Welcome

Restoring Creation

This past Sunday many of you gathered in Fullerton Room to watch the documentary “The Return of the River,” the story of the removal of hydroelectric dams along the Elwha River in Oregon to allow the native flora and fauna as well as the indigenous community to return to the fullness of life that they had on the Olympic Peninsula for generations.

My favorite part in the film was the footage of someone speaking against the dam’s removal by asking, “Who are we to play God with the river?” Of course, she didn’t understand the irony of her reluctance to return the river to the way that God had originally created it.

This week and this month, we celebrate Earth Day. In one aspect Earth Day is a secular acknowledgement of the ways that all people need to think and act differently to be able to preserve our planetary inheritance.

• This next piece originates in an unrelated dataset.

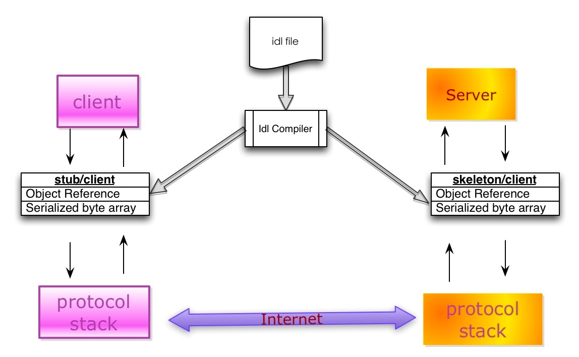 IDL(Interface description language)文件:参与通讯的各方需要对通讯的内容需要做相关的约定(Specifications)。为了建立一个与语言和平台无关的约定,这个约定需要采用与具体开发语言、平台无关的语言来进行描述。这种语言被称为接口描述语言(IDL),采用IDL撰写的协议约定称之为IDL文件。IDL Compiler:IDL文件中约定的内容为了在各语言和平台可见,需要有一个编译器,将IDL文件转换成各语言对应的动态库。Stub/Skeleton Lib:负责序列化和反序列化的工作代码。Stub是一段部署在分布式系统客户端的代码,一方面接收应用层的参数,并对其序列化后通过底层协议栈发送到服务端,另一方面接收服务端序列化后的结果数据,反序列化后交给客户端应用层;Skeleton部署在服务端,其功能与Stub相反,从传输层接收序列化参数,反序列化后交给服务端应用层,并将应用层的执行结果序列化后最终传送给客户端Stub。Client/Server:指的是应用层程序代码,他们面对的是IDL所生存的特定语言的class或struct。底层协议栈和互联网:序列化之后的数据通过底层的传输层、网络层、链路层以及物理层协议转换成数字信号在互联网中传递。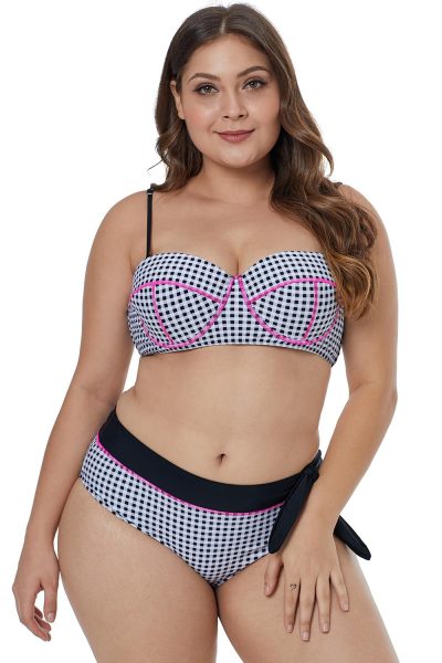 Brenda Women Contrast Piping Tartan Printed Pattern Plus Size Bikini

But Earth Day has a theological component for us as Christians as well, as we consider what it means to fulfill God’s mandate to care for the created world.

150 LOGO whitebackground 01Over the past year the BMPC Environmental Justice Committee has launched a new priority and opportunity on our church campus to consider not what it means not to “play God” but to help return our little corner of creation back to the beauty God originally created it to be.

Our Plant Native/Native Plant Initiative is all about encouraging and equipping us as a church to plant native trees and plants in the beds at the church and in your flower beds and yards at home.

There are wonderful resources on our church website to help get you started this spring to create what naturalist Doug Tallamy calls a “Home Grown National Park.”

This Sunday at 11:15 a.m. we are delighted to welcome Master Gardener Leslie Bass to give us tangible and simple way to start this work or to even expand the wonderful native planting that we know many of you are already doing. We hope to see you there.

May we all use these warming days of new blooms and new life as a moment to reignite a new hope in our capacity to return our own spaces, homes and community into a beautiful reflection of God’s good creation.